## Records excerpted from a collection
==================================================
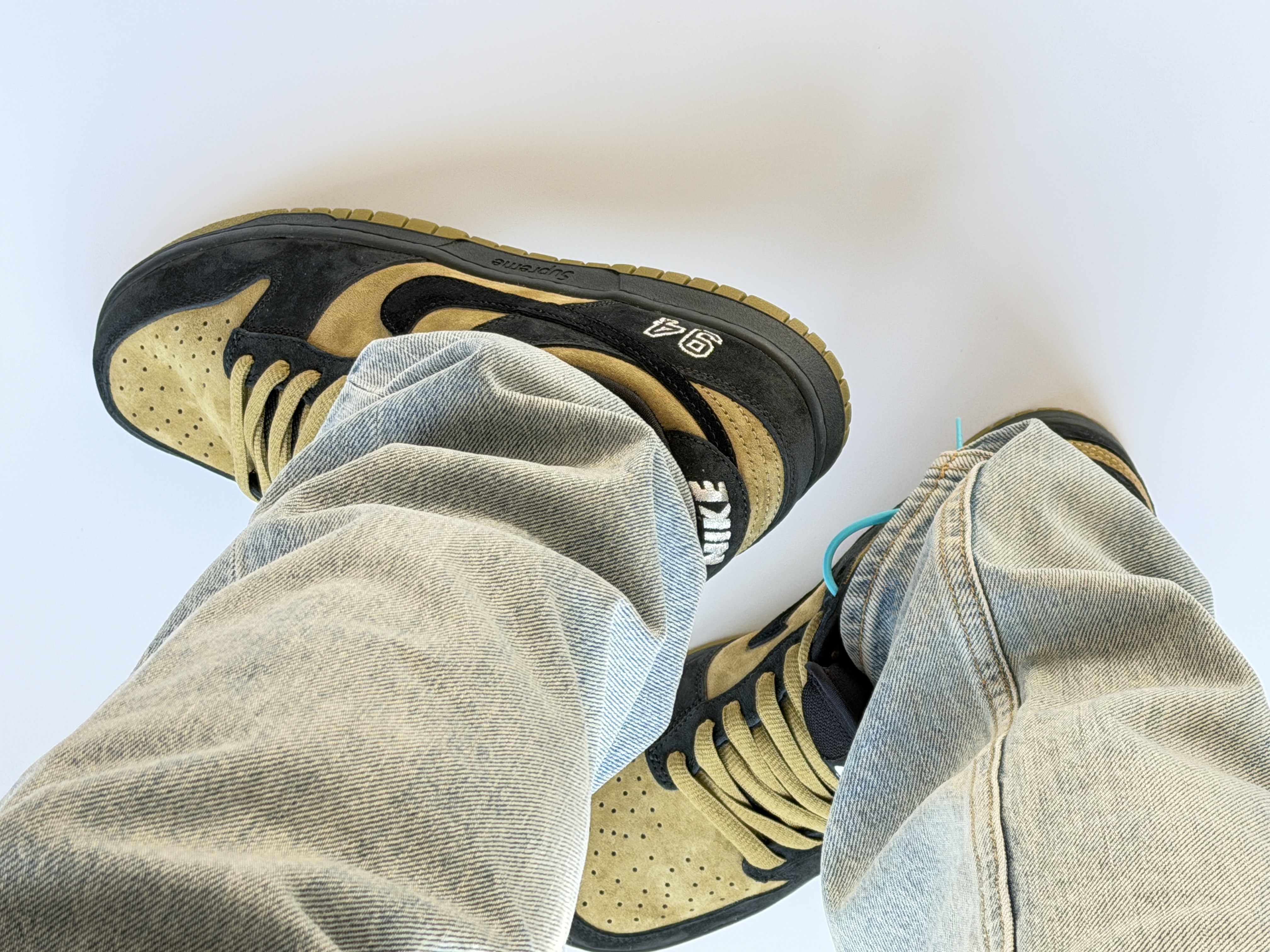SUP亚洲限定dunksb在地区限定里颜值也是超能打!黄绿配色搭配蛮舒服协调,翻毛皮质感是真的好,这次用到了老dunksb鞋底整体鞋型也回来了,穿搭上也是蛮简单的,搭配做旧牛仔裤就超对味儿!
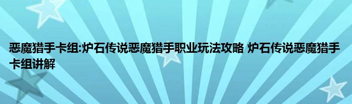 今天来聊聊关于恶魔猎手卡组:炉石传说恶魔猎手职业玩法攻略,炉石传说恶魔猎手卡组讲解的文章,游戏是很多人的选择,但是游戏玩多了也会身心疲惫,现在就为大家来简单介绍下恶魔猎手卡组:炉石传说恶魔猎手职业玩法攻略,炉石传说恶魔猎手卡组讲解,希望对各位小伙伴们有所帮助。
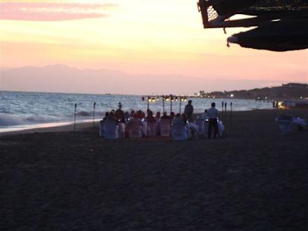 Linda-Strand am Abend großes Buffet am Strand
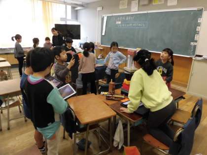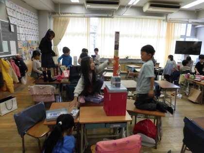 お家から持ってきたいろいろな大きさの「かたち」を積み重ねています。積み重ねてできたかたちをタブレットで写真に撮りました。
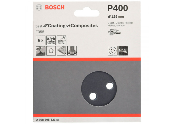 Шлифовальный лист Bosch F355 Best for Coatings and Composites 125 мм, зерно 400, 5 шт
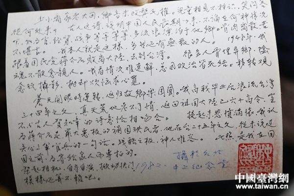 在照片背面,種志斌寫道:“蒼天開眼時運轉(zhuǎn),返歸故鄉(xiāng)樂團(tuán)圓。”(中國臺灣網(wǎng) 扶海濤 翻攝)
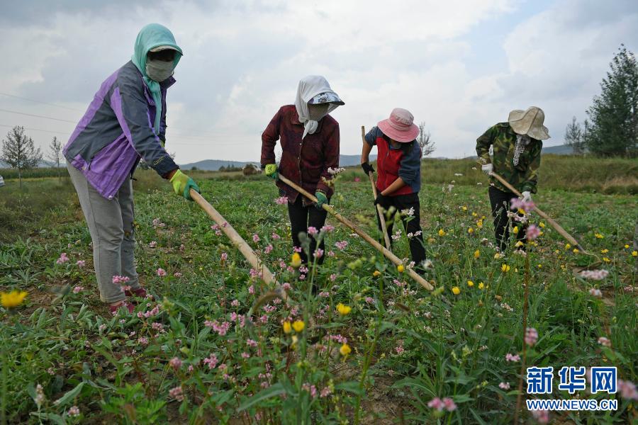 農民在寧夏西吉縣的艾草種植基地勞作(2018年8月30日攝)。新華社記者 王鵬 攝
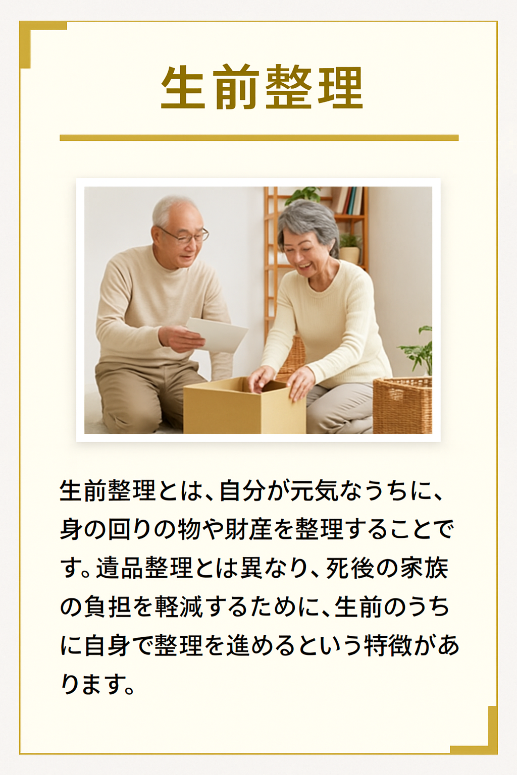 生前整理は生きているうちに身辺を整理することをさします。自身が亡くなるまでに自分のことは自分で、迷惑をかけたくない方などいらっしゃいます。
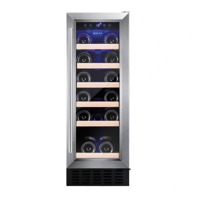 JoybuyThe Amica AWC300SS 30cm Wide Wine Cooler is a slimline, stainless steel wine fridge that fits 19 bottles and features adjustable electronic temperature control (5°C–20°C), UV-protected glass, wooden shelves, a reversible door, over-temperature alarm, and quiet 39dB operation—perfect for compact kitchens or under-counter spaces.
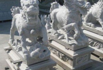 放在門口左側的雄獅一般都雕成麒麟雕塑玩弄繡球或者兩前爪之間方一個繡球張嘴型。門口右側雌獅則雕成左前爪撫摸幼獅或者兩前爪之間臥一幼獅。
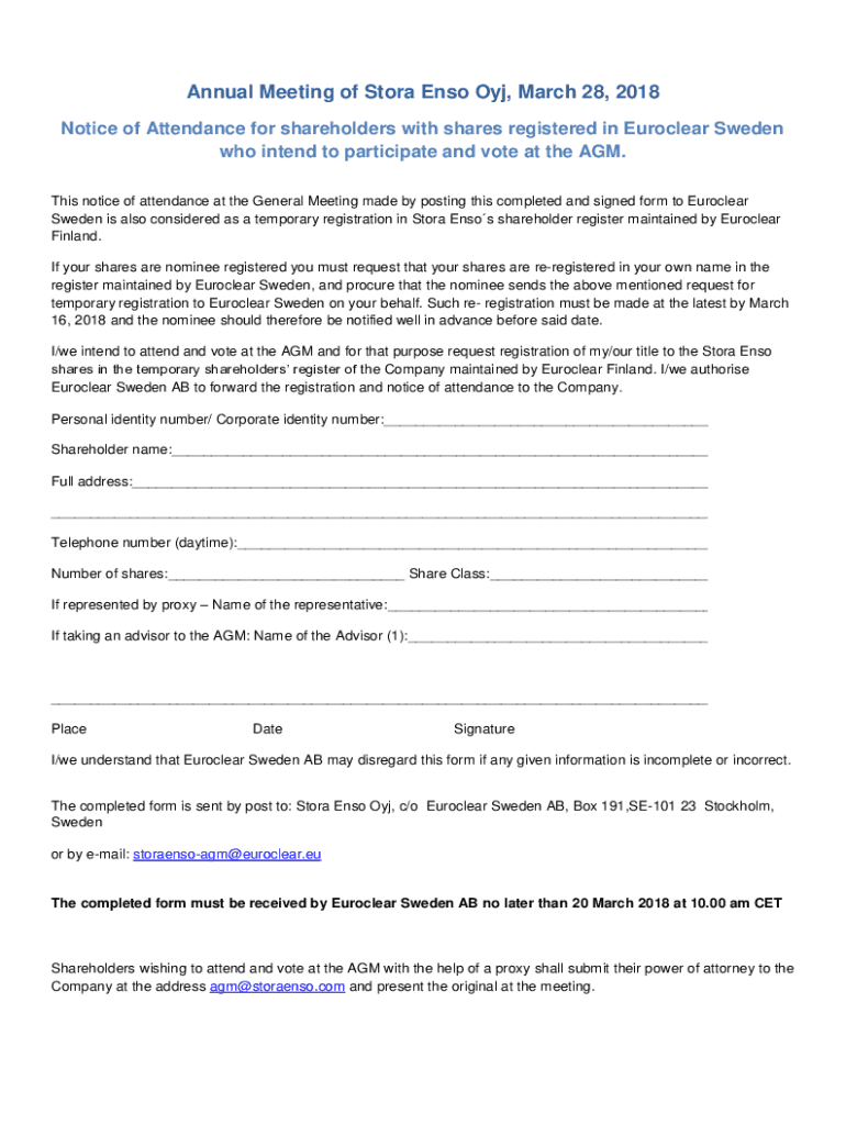 Annual Meeting of Story ENSO Obj, March 28, 2018, Notice of Attendance for shareholders with shares registered in Euro clear Sweden who intend to participate and vote at the AGM. This notice of attendance
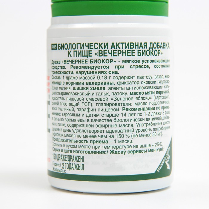 * Благодаря природному комплексу трав драже Вечернее «Биокор» обладает мягким успокаивающим и спазмолитическим действием.
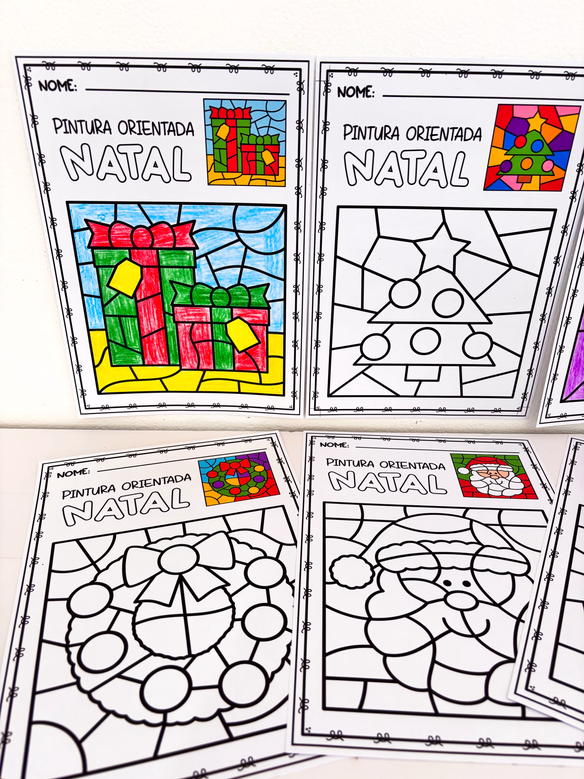 ✅ No combo com 6 atividades de pintura orientada, o desenho colorido já vem na própria folha, servindo como referência para que a criança observe, compare e pinte seguindo o modelo.
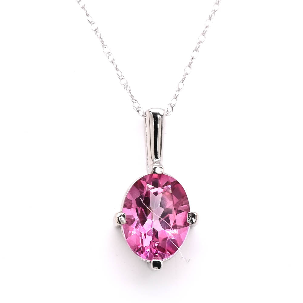10KT White Gold 18" Oval Shape Pink Topaz Necklace.
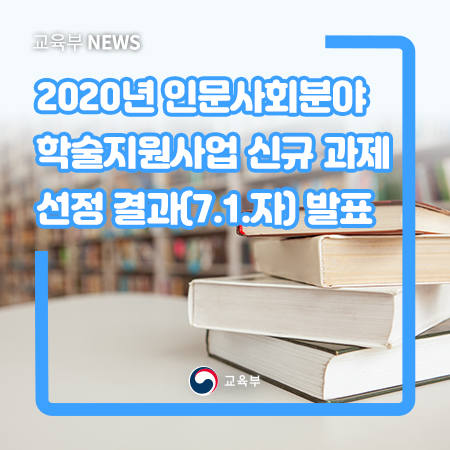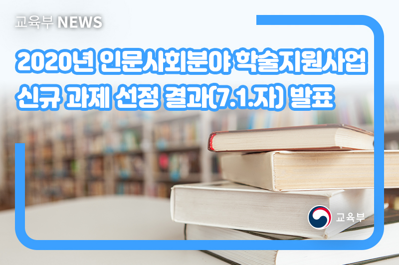 교육부(부총리 겸 교육부장관 유은혜)와 한국연구재단(이사장 노정혜)은 6월 23일(화), ‘2020년 인문사회분야 학술지원사업 신규과제(7.1.자 연구개시) 선정 결과’를 발표하였다.
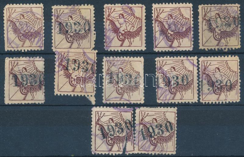 Leírás: cca 1930 12 db Villamos és Helyiérdekű Vasúti Alkalmazottak Országos Szövetsége tagdíjbélyeg
==================================================
## Description of the task
All entries must be output exactly as they stand, and every picture must be left out.

## Written answer
SUP亚洲限定dunksb在地区限定里颜值也是超能打!黄绿配色搭配蛮舒服协调,翻毛皮质感是真的好,这次用到了老dunksb鞋底整体鞋型也回来了,穿搭上也是蛮简单的,搭配做旧牛仔裤就超对味儿!
 今天来聊聊关于恶魔猎手卡组:炉石传说恶魔猎手职业玩法攻略,炉石传说恶魔猎手卡组讲解的文章,游戏是很多人的选择,但是游戏玩多了也会身心疲惫,现在就为大家来简单介绍下恶魔猎手卡组:炉石传说恶魔猎手职业玩法攻略,炉石传说恶魔猎手卡组讲解,希望对各位小伙伴们有所帮助。
 Linda-Strand am Abend großes Buffet am Strand
 お家から持ってきたいろいろな大きさの「かたち」を積み重ねています。積み重ねてできたかたちをタブレットで写真に撮りました。
 Шлифовальный лист Bosch F355 Best for Coatings and Composites 125 мм, зерно 400, 5 шт
 在照片背面,種志斌寫道:“蒼天開眼時運轉(zhuǎn),返歸故鄉(xiāng)樂團(tuán)圓。”(中國臺灣網(wǎng) 扶海濤 翻攝)
 農民在寧夏西吉縣的艾草種植基地勞作(2018年8月30日攝)。新華社記者 王鵬 攝
 生前整理は生きているうちに身辺を整理することをさします。自身が亡くなるまでに自分のことは自分で、迷惑をかけたくない方などいらっしゃいます。
 JoybuyThe Amica AWC300SS 30cm Wide Wine Cooler is a slimline, stainless steel wine fridge that fits 19 bottles and features adjustable electronic temperature control (5°C–20°C), UV-protected glass, wooden shelves, a reversible door, over-temperature alarm, and quiet 39dB operation—perfect for compact kitchens or under-counter spaces.
 放在門口左側的雄獅一般都雕成麒麟雕塑玩弄繡球或者兩前爪之間方一個繡球張嘴型。門口右側雌獅則雕成左前爪撫摸幼獅或者兩前爪之間臥一幼獅。
 Annual Meeting of Story ENSO Obj, March 28, 2018, Notice of Attendance for shareholders with shares registered in Euro clear Sweden who intend to participate and vote at the AGM. This notice of attendance
 * Благодаря природному комплексу трав драже Вечернее «Биокор» обладает мягким успокаивающим и спазмолитическим действием.
 ✅ No combo com 6 atividades de pintura orientada, o desenho colorido já vem na própria folha, servindo como referência para que a criança observe, compare e pinte seguindo o modelo.
10KT White Gold 18" Oval Shape Pink Topaz Necklace.
 교육부(부총리 겸 교육부장관 유은혜)와 한국연구재단(이사장 노정혜)은 6월 23일(화), ‘2020년 인문사회분야 학술지원사업 신규과제(7.1.자 연구개시) 선정 결과’를 발표하였다.
 Leírás: cca 1930 12 db Villamos és Helyiérdekű Vasúti Alkalmazottak Országos Szövetsége tagdíjbélyeg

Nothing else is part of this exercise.